I have long been amused (and somewhat confused) by certain bizarre conservative rallying cries. At political rallies you’ll hear people chanting “USA” and cheering for low taxes, as would be expected. But then they wildly explode when the politician says the words … tort reform? It’s like some magical incantation that is only understood by those who are members of the tribe. The literal term can’t possibly be meaningful to most people unless they think this has something to do with baked goods. Yet they scream and shout in a near frenzy at the mere mention of the phrase. It’s clearly Pavlovian talk radio conditioning.

This past election I noticed a new catch phrase. The minute a conservative breathes the word “card check,” his or her supporters completely lose their minds. When he ratchets it up saying “lose your right to a secret ballot” they come completely unhinged with even more energy than they unleash when someone says “we’re going to beat the terrorists.” It’s just weird.

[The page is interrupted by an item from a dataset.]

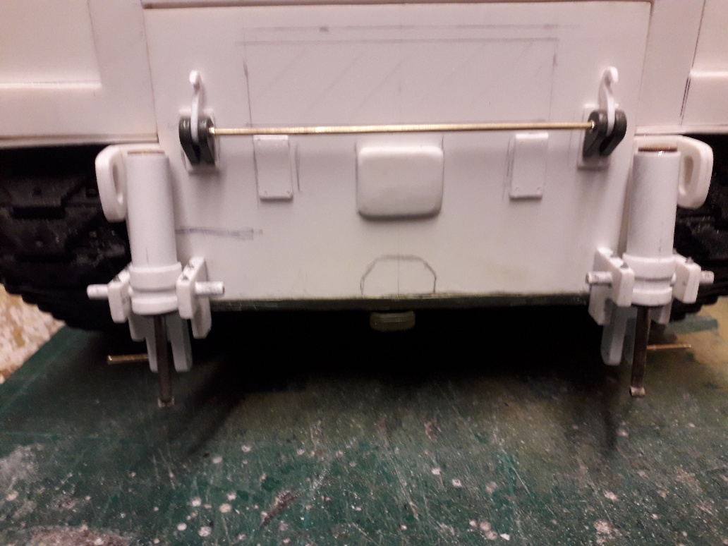 After having found little or no information on the Dozer blade mounts and hydraulic operation i finally managed to get enough info to make a reasonable copy, it was difficult as the hydraulic cylinders that move the blade up and down actually pivot in their mountings as the blade is raised and lowered so i had to construct them to move as the blade moved, in all i think there are about 12 pivot points on the dozer blade and mountings that have to function in order for it to raise and lower and pivot back when raised and then pivot forward when lowered to be at approx 90 degrees to the ground.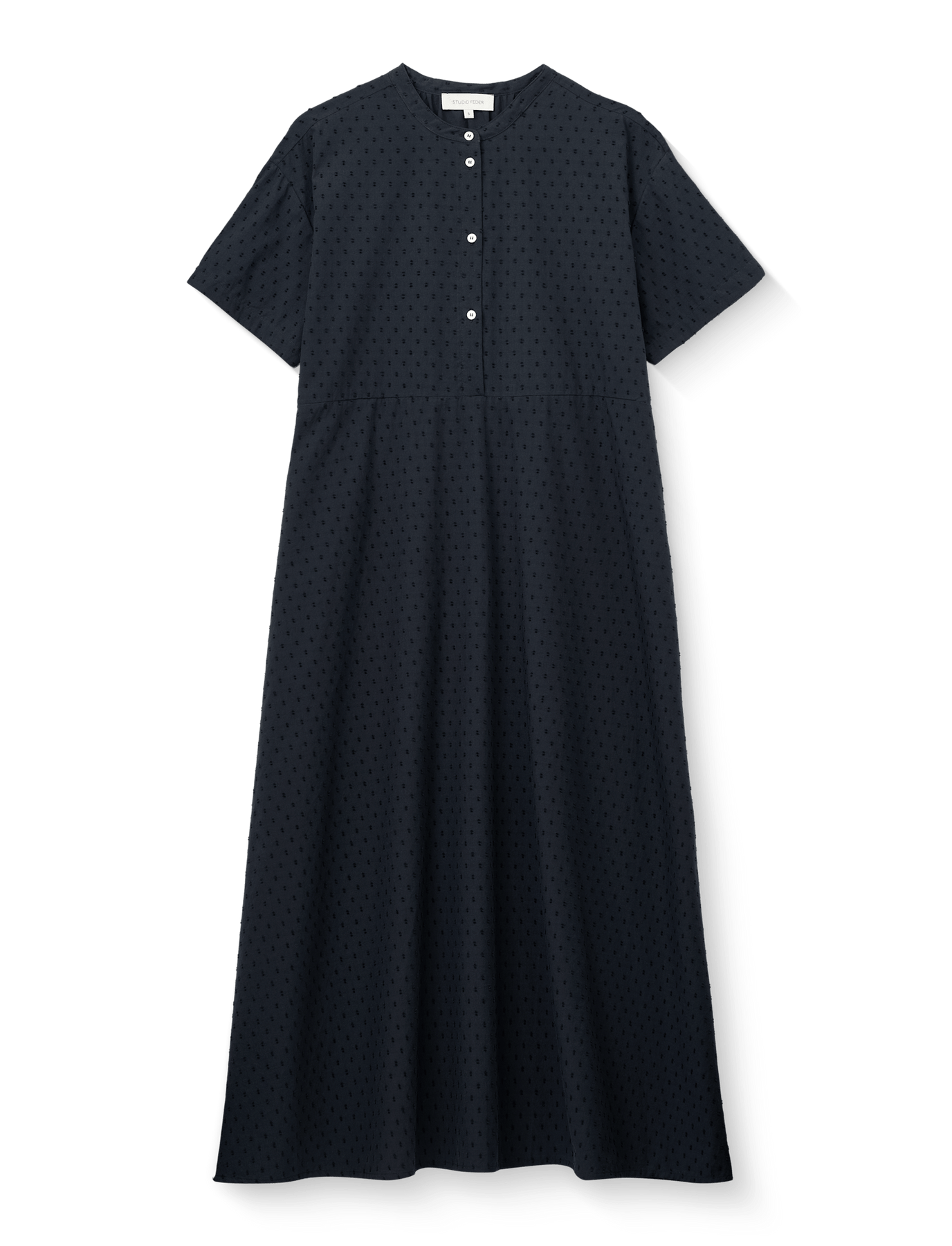 Lea kjolen er en let sommerkjole med et løst og luftigt look. Den har kinakrave, stolpe med knapper fortil og korte ærmer. En overskæring i taljen giver kjolen en smuk silhuet.

Obviously the right, through the Chamber of Commerce and other business entities are working hard to prime the public to be hostile to unions being able to organize by simply having people sign up instead of requiring on-site elections in front of the boss, which is the purpose of the Employee Free Choice Act or “card check.” Here’s a set of talking points, easily obtained through Mr Google from the Associated Builders and Contractors. It features all the usual nonsense (the most hilariously hypocritical being the notion that they believe one should have the same freedom on the job that one has in civic life. Hah!) But even though it makes no sense, it gives people a way to talk about something that’s rather difficult to explain.

But where does the passion come from? How do you get people to really feel that it’s important to stop unions from getting people to do a simple opt-in? “Pollster” Frank Luntz speaking to the Chamber of Commerce in Las Vegas last week, makes it clear:

“I’m afraid for employees if it passes,” Luntz said. “The level of intimidation and coercion would be unprecedented. Workers are about to lose their most important right (a secret vote). I’m very angry with the business community for not saying more about it.”

It’s the victimization, stupid,as this post from the National Right To Work web site vividly illustrates:

I had a friend in California who grew up in Michigan. His father was a UAW local official. He remembered vividly being in a coffee shop with his family one day. The guy in the next booth made some remark to a companion that was uncomplimentary to the union–and my friend’s father instinctively swung his coffee mug around and shattered it on this guy’s jaw.

There’s a long and ugly, bloody, deadly history of corporations and labor unions fighting it out in the nineteenth and early twentieth centuries. There’s plenty of evil that was done by both sides. But this is not the situation today–not even close. Labor violence today is almost entirely by labor unions. I can easily believe that the reason that the AFL-CIO wants to “streamline” the process is that they are intimidating workers into signing authorization cards–and don’t dare risk a secret ballot.

(He doesn’t cite any specific examples of recent union violence, but then he may think “The Sopranos” was an HBO documentary series. ) This is obviously another example of the right’s post modernist inversion — these on site elections are often exercises in intimidation by management to keep the union from organizing.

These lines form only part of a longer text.